X::ONNX::Native::Unsupported — a feature isn't implemented in this version of ONNX::Native.
X::ONNX::Native::ProviderUnavailable — requested execution provider isn't compiled into this shim build.
MEMORY MANAGEMENT
Session and Tensor both manage native resources via DESTROY. Normal Raku GC releases them eventually, but if you're running many inferences in a tight loop, explicit .dispose on intermediate tensors reclaims memory faster:
for @batches -> $batch {
my $input = ONNX::Native::Tensor.from-ints($batch, :shape([1, $batch.elems]));
my %out = $session.run(:inputs({input_ids => $input}), :outputs(['logits',]));
process(%out<logits>.to-num-array);
$input.dispose;
.dispose for %out.values;
}
Input tensors built with from-blob keep the backing Blob alive via an internal anchor — don't worry about the Blob being GC'd out from under ORT mid-inference.
BINARY_TAG
The BINARY_TAG file at the dist root pins the ONNX Runtime prebuilt version. Format: binaries-onnxruntime-E<lt>verE<gt>-rE<lt>revE<gt>, e.g. binaries-onnxruntime-1.20.0-r1. The Raku dist version (e.g. 0.1.3) bumps independently for Raku-only bugfix releases that reuse the same ORT binary tag.

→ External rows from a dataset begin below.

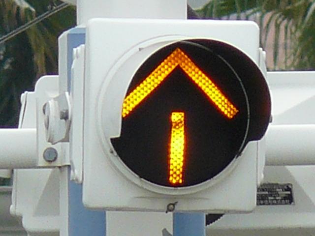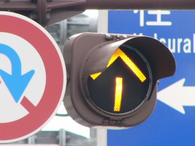 青信号のときに黄矢印が点灯し、それ以外のときには「×」が点灯します。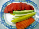 コームーヤーンはCarrefourの惣菜売り場にて炭火焼きしていた豚肉。下味として香辛料や砂糖等の調味料に漬けてあってそのまま食べてもイケル。甘辛いたれが付いていて、これに漬けて食べてると一気に辛くなっていかにもタイ料理。フルーツは上からティエングモー(西瓜)、マラコー(パパイヤ)、マムゥワング(マンゴー)。このパパイヤはまだ完全に熟しているものでないが、青くても嫌味は無い。甘みも若干控えめ。 |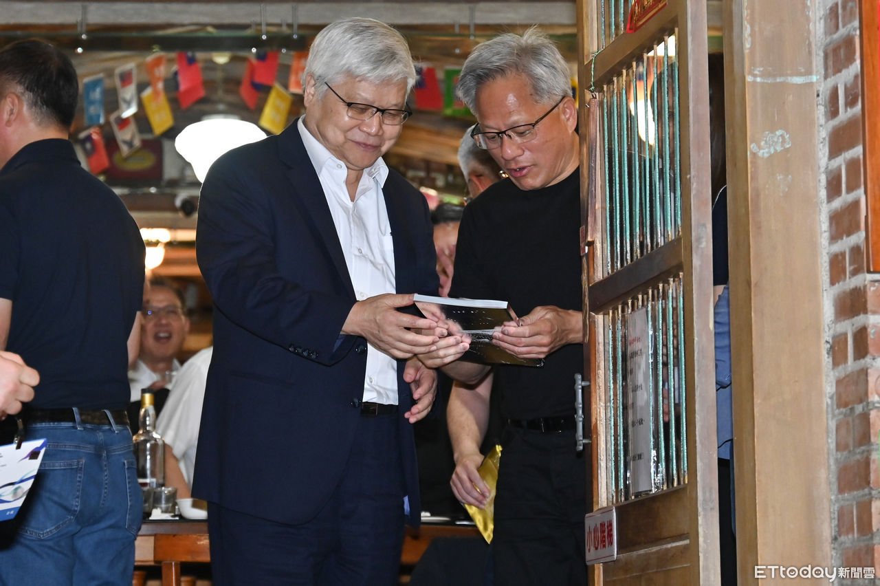 ▲輝達執行長黃仁勳上月宴請供應鏈廠商,台積電董事長魏哲家(左)也與會。(圖/記者李毓康攝)
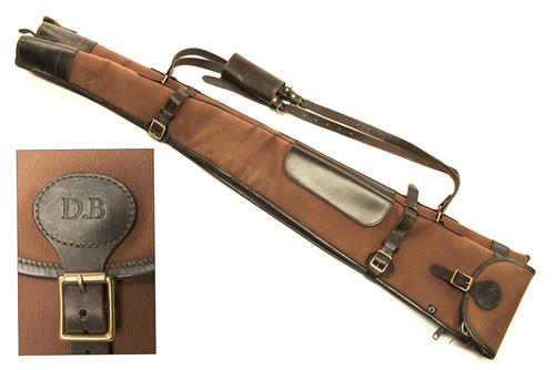 for approx. 48in. guns, leather shoulder strap and brass fittings, the closing flap with the initials 'D.B.'
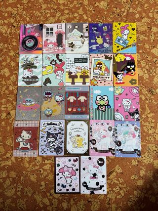 Conjunto de 22 cartas o tarjetas coleccionables de Hello Kitty y sus amigos. - Diseños variados con personajes como My Melody, Cinnamoroll, Keroppi y más. - Incluye imágenes de Hello Kitty en diferentes escenarios y atuendos. - Algunas tarjetas presentan diseños brillantes o con detalles especiales. Se admiten ofertas por separado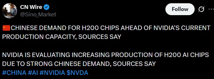 NVDA spiked up a bit early on this (although haven’t seen any other sources for it):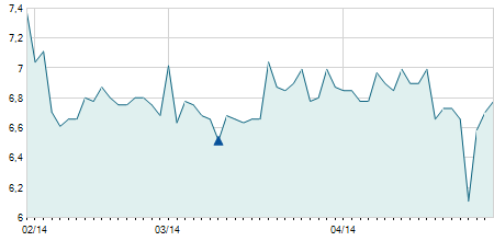 -0,70 / -4,76%

At install time Build.rakumod reads BINARY_TAG, fetches the matching tarball from microsoft/onnxruntime's GitHub Releases, verifies SHA256 against resources/checksums.txt, and stages the libs under $XDG_DATA_HOME/ONNX-Native/E<lt>tagE<gt>/.
macOS
CoreML EP is baked into Microsoft's macOS prebuilts since ORT 1.16 — pass :providers<coreml cpu> to Session.new to use it. On Apple Silicon the Neural Engine handles most common ops; falls back to CPU for the rest.
Gatekeeper may quarantine the downloaded dylib the first time it's loaded. If you hit a signing error, xattr -dr com.apple.quarantine ~/.local/share/ONNX-Native/ clears it.
Linux
Microsoft's prebuilts target glibc 2.31+ (Ubuntu 20.04). Older systems (CentOS 7, Ubuntu 18.04) trigger the system-libonnxruntime fallback — install libonnxruntime-dev from your package manager or build from source.
Apple Silicon note
If you hit a dyld[...]: Library not loaded: @rpath/libonnxruntime.* error at runtime, the shim didn't pick up the @loader_path rpath — most likely because you moved the shim out of its staged directory. Either move it back or rebuild with ONNX_NATIVE_LIB_DIR=/path/to/dir.
LIMITATIONS
See the "What's deferred" list under STATUS. Major limitations worth calling out explicitly:
No Windows support in v0.1.
CUDA path on Linux is untested in CI.
Input / output tensors are CPU-backed only. GPU tensors (CUDA-device or CoreML-device) require IO Bindings which are deferred.
Model shape introspection returns up to 16 dims; higher-rank tensors error. 16 is plenty for anything outside niche research use.
AUTHOR
COPYRIGHT AND LICENSE
Copyright 2026 Matt Doughty
This library is free software; you can redistribute it and/or modify it under the Artistic License 2.0.